Art. 299. As Camaras Municipaes declararão em editaes, quaes sejam as armas offensivas, cujo uso poderão permittir os Juizes de Paz; os casos, em que as poderão permittir; e bem assim quaes as armas offensivas, que será licito trazer, e usar sem licença aos occupados em trabalhos, para que ellas forem necessarias.

Até o ano de 2003 o porte de arma dos oficiais de Justiça era autorizado através de normas estaduais: leis, decretos, portarias, código de organização judiciária, etc.

Exemplos de normas Estaduais concedendo porte de armas para os oficiais de Justiça: Lei 39/79 (Mato Grosso do Sul, por requisição do Juiz diretor do foro), Lei 4.964/85 (Mato Grosso, por requisição do Juiz diretor do Foro).

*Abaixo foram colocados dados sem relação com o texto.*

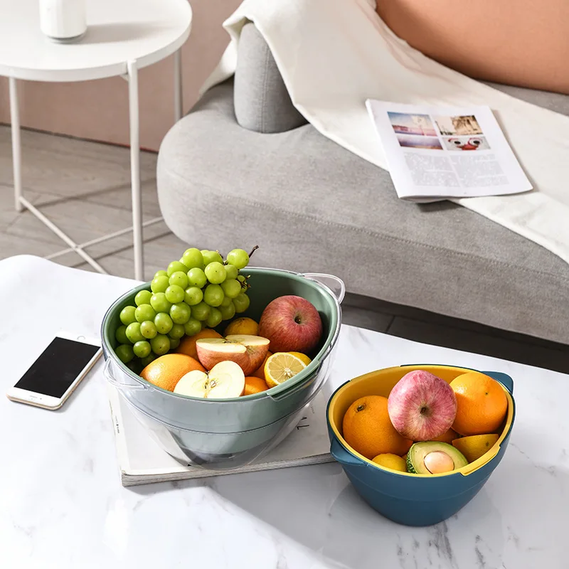 Многофункциональная Пластиковая двухслойная сливная корзина для мытья фруктов и овощей, Кухонное хранилище для очистки риса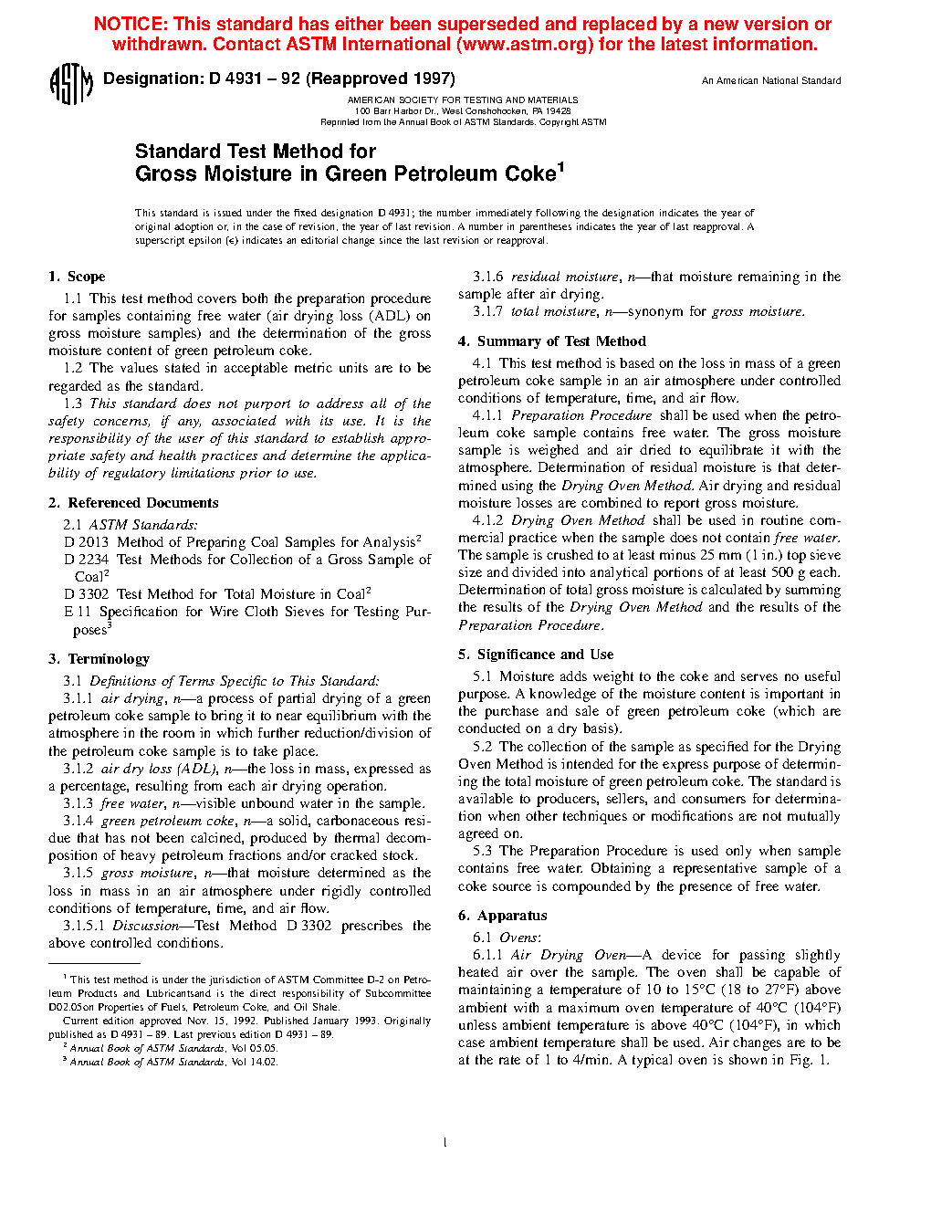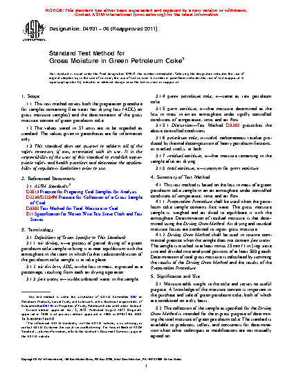1.1 This test method covers both the preparation procedure for samples containing free water (air drying loss (ADL) on gross moisture samples) and the determination of the gross moisture content of green petroleum coke.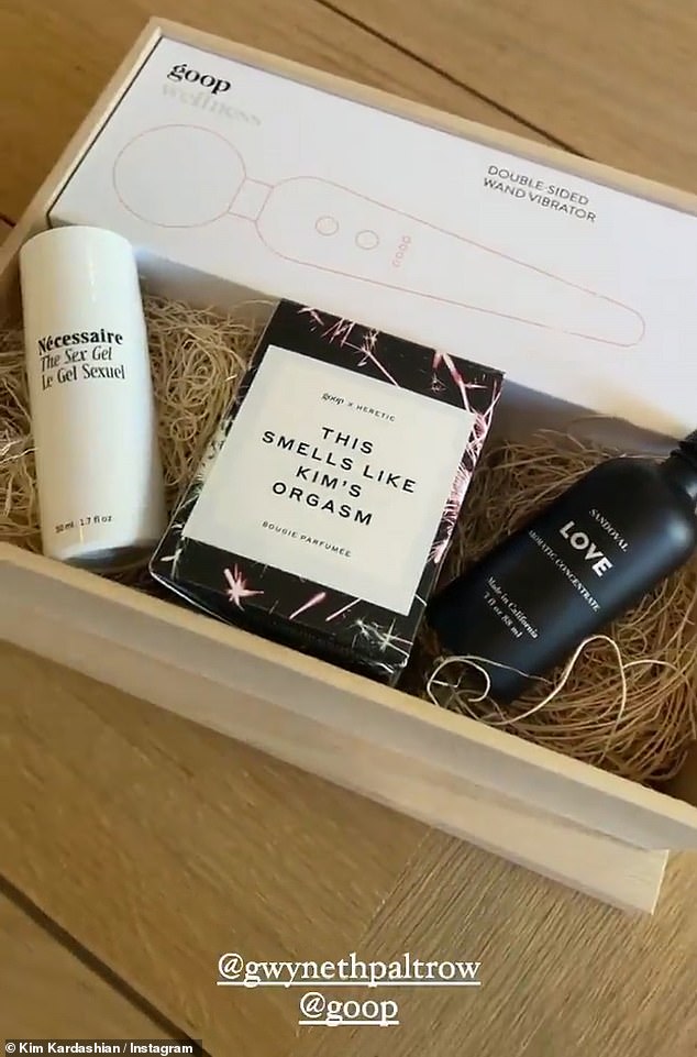 The reality superstar, 40, gave Goop's latest offerings a bit of buzz as she opened an unassuming package labeled 'Kim‘s box of tricks,' which was filled with sexy-time supplies like a vibrator, lube and a cheeky candle called 'Smells like Kim's orgasm.'

A Lei n.º 4.842/93 concedeu o porte de arma aos oficiais de Justiça do Espírito Santo por considerar as funções idênticas com as dos policiais em serviço.

Art. 1º da Lei n.º 4.842/93 do Estado do Espírito Santo:

“Art. 1° - Os Oficiais de Justiça da Entrância Especial, Tribunal de Justiça, 3°, 2° e 1° Entrância, poderão, em diligências, no estrito cumprimento do dever, portarem arma de fogo de defesa, por se tratarem de Agentes da Autoridade principalmente quando executam ordem de prisão, já que suas funções se identificam com as dos policiais em serviço.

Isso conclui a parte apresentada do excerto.